Friday, April 06, 2007

My workshop in Purranque: The Kawasaki Rose


A classic figure in origami is the rose created by Toshikazu Kawasaki from his famous twist folding. Its delicate curve petals had made it one of the most popular and spread models inside origami (and outside).



History of this rose is easier to build than the one of its author. There is very few about this japanese mathematician, who teachs in the Sasebo Technologycal School and became the first "Doctor in Origami" of History. He is also known for his theoretical studies about the relationship between origami and mathematics, developing, among others, the Theory of Iso-Areas (Mirror Areas). In 1998 he pulished Roses, Origami & Math (which should be now on its way to my home :) )


On this book there is a complete chapter dedicated to this rose and its variations, being this the first version "from the author" of its diagram. Before, in 1994, during the New York Convention, Kawasaki teached the rose to the american creator Joseph Wu and he folded and gifted one to his friend Winson Chan. He unfolded the gift and developed a folding sequence and diagram, which was published and spread trough the net, becoming very popular and known as the "New Kawasaky Rose". Later, japanese Kunihiko Kasahara published in his book "Origami for the Connoisseur" a diagram a little less elaborated than Chan's and called it the "Original Kawasakai Rose". Many other variations has been created over this three diagrams, to get a larger number of petals or diferents finishing details, but the heart of this figure, the twisting fold, remains unvariable as a testimony of the geniality of its author.

Chan's diagram remains being my favourite, mostly because its final result and also I guess because sentimental reasons (it was one of the first figures I've memorized and gifted) However, I have to admit that its 22.5º grid pre-folded takes out all ellegance to the next steps in the folding. Here there is a video about how the rose is collapsed from its pre-folded CP.

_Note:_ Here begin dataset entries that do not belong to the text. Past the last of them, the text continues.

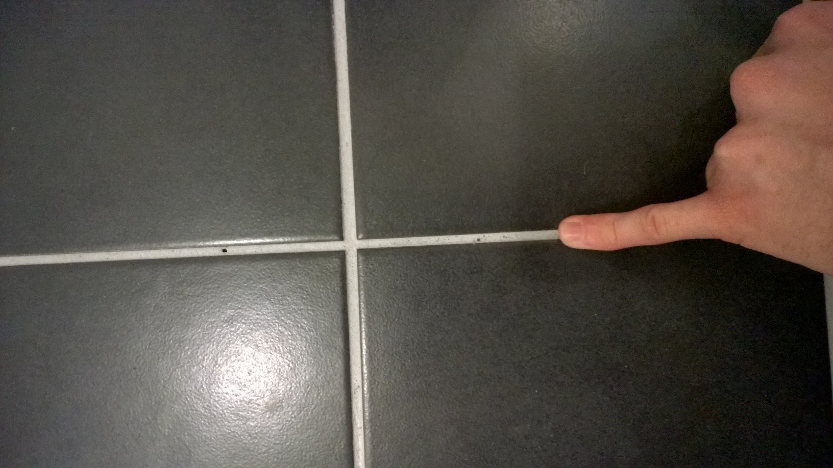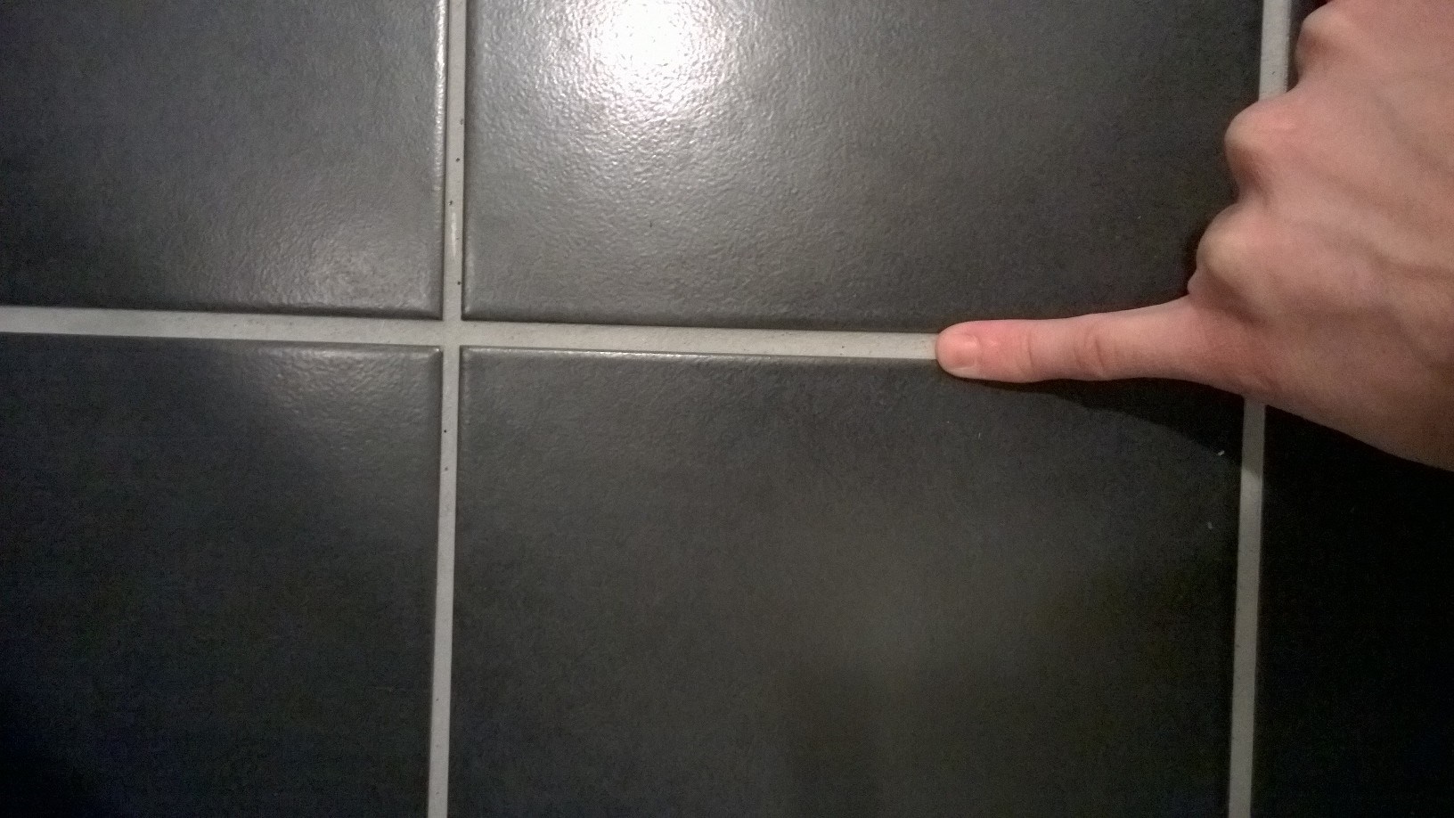 (Jeg har laget noen fuger for flere år siden som varierte i tykkelse, disse flisene skal nå bort og jeg gjør det en gang til. Skikkelig denne gangen. Avviket er ikke så stort som hos deg)
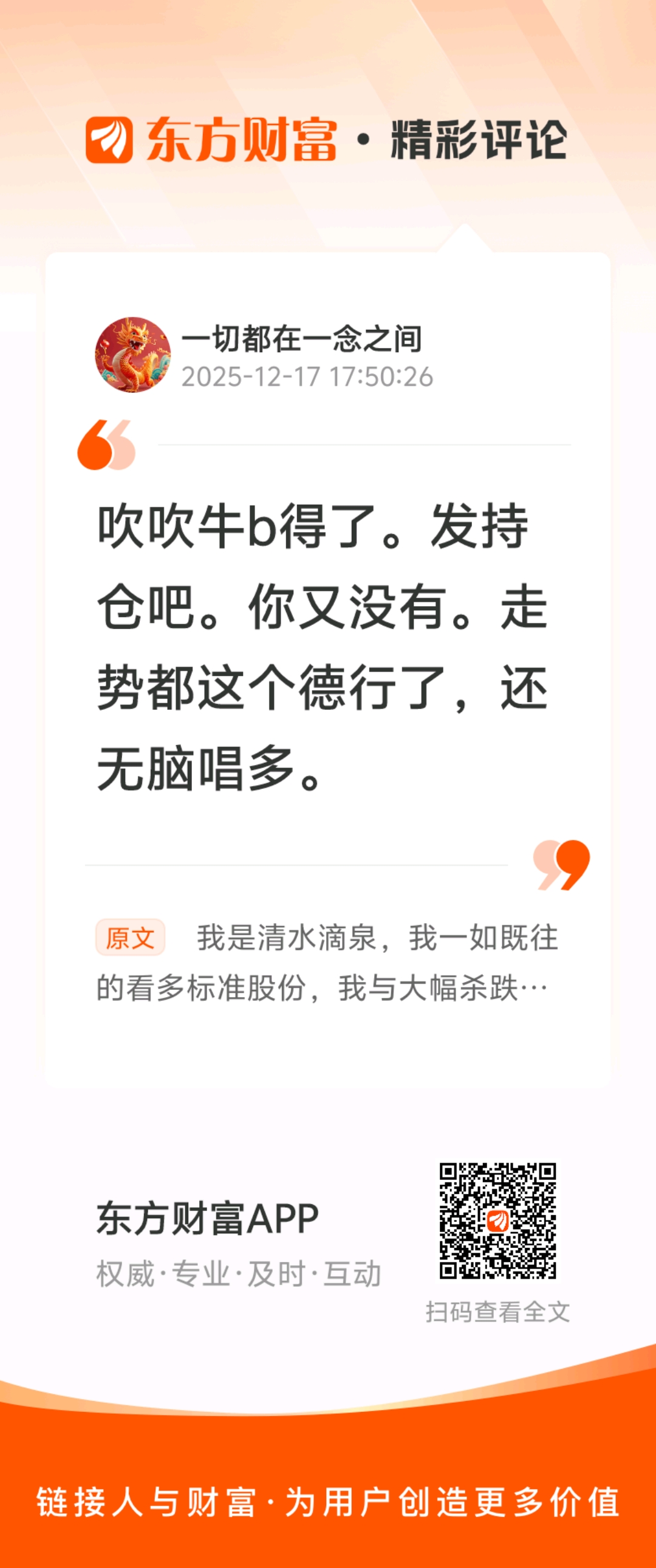 温馨提示: 1.根据《证券法》规定,禁止编造、传播虚假信息或者误导性信息,扰乱证券市场;2.用户在本社区发表的所有资料、言论等仅代表个人观点,与本网站立场无关,不对您构成任何投资建议。用户应基于自己的独立判断,自行决定证券投资并承担相应风险。《东方财富社区管理规定》
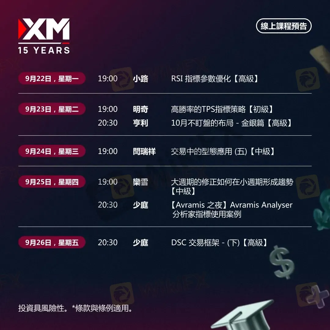 |XM| 中文線上直播講座,本週預告(9/22-9/26)
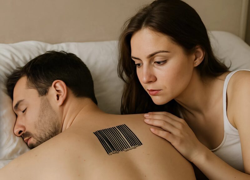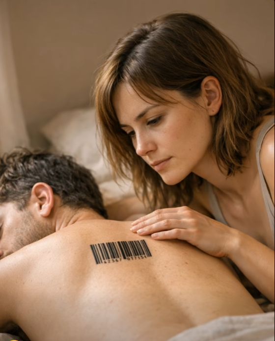 Jednog dana, dok je njen muž spavao, primijetila je da ima novu tatu na leđima, tik uz vrat. U početku je to bila obična tetovaža, ali onda je shvatila da se radi o nečemu puno ozbiljnijem. Tetovaža je bila štampani kod, nešto nalik barcode-u, a to nije bila obična slika. U tom trenutku osjetila je duboku nelagodu i uznemirenost. Zašto je napravio tu tatu? I što znači? Zašto joj nije ništa rekao?
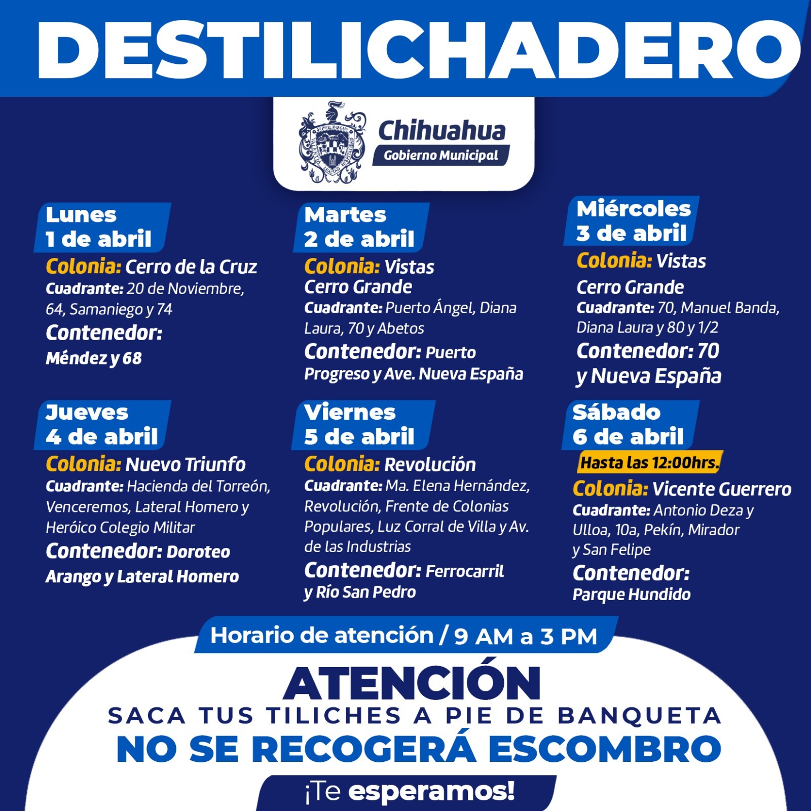 Chihuahua, Chih., 30 de marzo de 2024.-* Para evitar acumulación de basura de grandes dimensiones en viviendas, lo cual podría generar plagas o problemáticas en la salud, el Gobierno Municipal, a través de la Dirección de Servicios Públicos Municipales, informa el calendario del programa Destilichadero, que se realizará del 1 al 6 de abril en cinco colonias de la Capital.

It is precisely the analysis of the New Rose what gave the folder a deep learning about the relationship between geometry and origami. To build this rose is almost being creating, step by step, the CP of the figure, to collapse it then in a couple of master moves. The point I want to remark is that anyone who has folded this a couple of times can realize that the pre-folding of the grid is unnecessary to get tits main folds (step 12 of Chan's diagram). The perfect geometry of Kawasaki give us a large number of references to achieve every one of them from two simple diagonal lines at 22.5º. This is especially useful when you use thick papers o textured to fold the rose, because Chan's method to draw the grid lose accuracy over the edges.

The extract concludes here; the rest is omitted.